The impression the page gives is correct. When you do polynomial interpolation you always get "large errors" at the edge of the interpolation interval. This error can be minimized by choosing your interpolation nodes carefully (the Chebyshev nodes) but cannot be prevented. If you interpolate a function on the complete real line, even when using Chebyshev nodes for interpolation, the error will go towards infinity when increasing the degree of your interpolation polynomial. To put it differently polynomial interpolation is inherently flawed. For this reason nowadays spline interpolation is preferred which uses low degree polynomials.

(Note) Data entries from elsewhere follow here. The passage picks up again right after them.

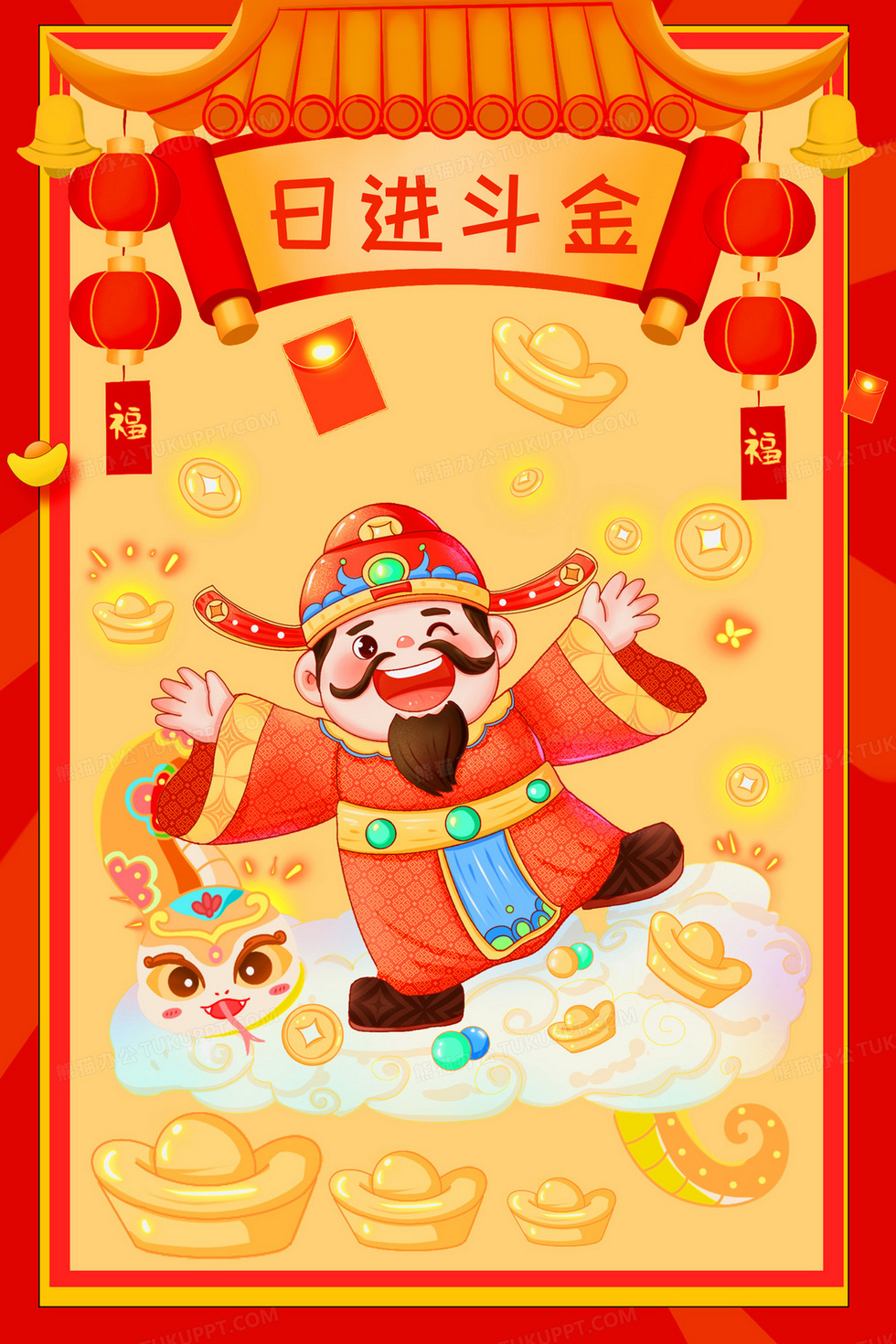 本作品内容为蛇年财神爷日进斗金竖版插画, 格式为 psd, 大小52 MB, 请使用软件PhotoShop(CC)打开, 源文件无水印, 欢迎使用熊猫办公。 如认为平台内容涉嫌侵权,可通过邮件:tousu@tukuppt.com提出书面通知,我们将及时处理。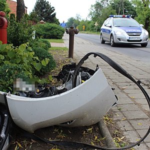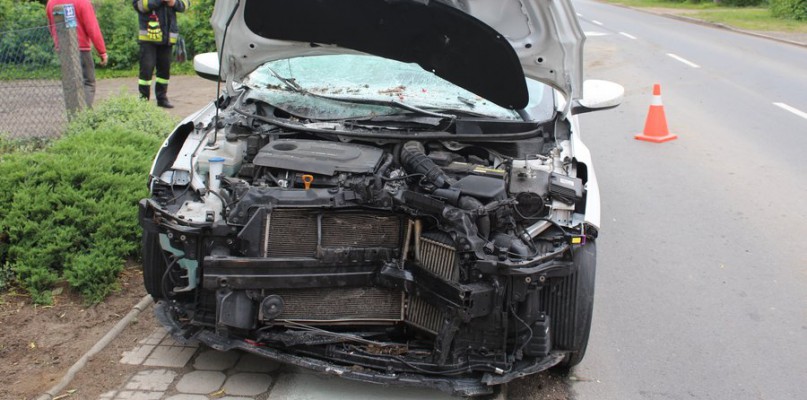 Na prostym odcinku drogi samochód osobowy uderzył w tył naczepy ciągnika rolniczego. Poważnie uszkodzony został przód osobówki. Kierowcom nic się nie stało. Sprawę winy i odszkodowania postanowili załatwić między sobą.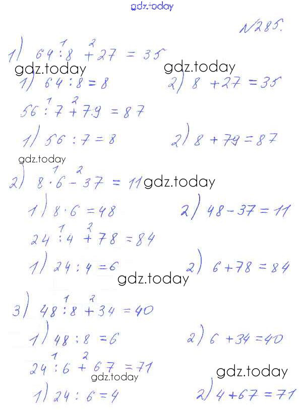 На страницах сайта gdz.today вы найдете учебный и вспомогательный материал, направленный на улучшения знаний школьной программы. ГДЗ - онлайн мир знаний Решение к части 1 (упражнения) 285 Учебнику по Математике для 3 класса Истомина Ассоциация 21 век Гармония 2014

- Polynomial interpolation process does converge for certain classes of functions. Though it is true that for every predefined table of interpolation nodes there is a continuous function for which the interpolation process on those nodes diverges (in the uniform norm on [0,1]), there is also true that for every continuous function there is a table of nodes on which the interpolation process converges. The former fact's proof is based on the estimation of Lebesgue constant and is quite cumbersome (at least as given in my book), the latter one's is easier and is based on the fact that the set of polynomials is dense in C[0,1].
My book also gives a theorem that Chebyshev interpolation (ie on Chebyshev nodes) converges in C[0,1] for every absolutely continuous function. So when I looked for a continous function for which the interpolation process diverges, there was an easy answer for equidistant nodes (for example, the one from Runge's phenomenon), but for Chebyshev nodes the only continuous but not absolute continuous function I know of is Cantor function, and I am still unable of proving or disproving convergence of Chebyshev interpolation for it. Do you think all those facts are worth mentioning in the article?
- (William M. Connolley 18:57, 9 Oct 2004 (UTC)) There are things I'm unclear about, so I think its best left to your judgement (I assume that the above was by MM unsigned-in). Its probably fair to point out that using C nodes makes it converge for all normal/non-pathological/the-things-people-think-are-functions (not sure how this is best expressed for the general reader) and then add in the detail you've found for the mroe knowledgeable.
As for convergence on the complete real line, it is still possible at least in the class of infinitely times differentiable functions with uniformly bounded derivatives, when interpolation nodes are arbitrarily chosen from [0,1]. --Igor 18:31, Oct 9, 2004 (UTC)
- Could put that in too...
[edit] Some issues
There should be a mention of Weirstrass' approximation theorem. Without it, the result does not seem as surprisning. Also it should be clarified whether the result is a artifact of using a polynomial of the same degree as the number of points. Would the result improve if you instead did a least-squares fit of a polynomial of degree n/3, where n is the number of points?